Currently, the sharing of drug paraphernalia is the main transmission method for hepatitis C virus (HCV) worldwide. It is estimated that more than 60% of new HCV infection cases recorded each year are related to the use of illicit drugs, particularly injected drugs1 , 2. In Brazil, epidemiological studies of HCV infection in illicit drug users are still rare. The prevalence of HCV infection in illicit drug users sampled in metropolitan areas in the Northeast, Midwest, South and Southeast regions of Brazil ranged from 5% to 36%3 – 7. There are frequent reports of clinical cases of hepatitis or pathologies associated with HCV infection in other population groups in northern Brazil8 – 11. It is known that most illicit drug users in Pará do not consume injected drugs and are infected with HCV genotype 110 , 11. This study estimated the prevalence of HCV infection and assessed the factors associated with HCV infection in illicit drug users in the municipality of Breves, State of Pará, northern Brazil.

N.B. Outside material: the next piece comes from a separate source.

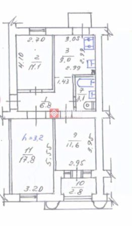 Комнаты раздельные 17.8/11.6/11.1 кв.м., кухня 9 кв.м , из который выход на небольшой балкончик, просторный холл, санузел совмещенный. Из спальни выход на остекленную лоджию. Высота потолков 3.40 м.

This cross-sectional study of a non-probabilistic convenience sample was based on information and biological samples provided by illicit drug users in an area of intense illicit drug use located in Breves (01° 40′ 55″ S 50° 28′ 48″ O), Archipelago of Marajó, Pará, northern Brazil. Illicit drug users in areas of intense drug consumption were sampled using the snowball technique11. Individuals were eligible for the study if they were older than 17 years of age and agreed to answer a specific questionnaire and have a blood sample taken and tested for molecular and serologic markers in the period from August to December 2012. The Research and Ethics Committee of the Núcleo de Medicina Tropical of the Universidade Federal do Pará approved the study protocol (041/2004-CEP/NMT).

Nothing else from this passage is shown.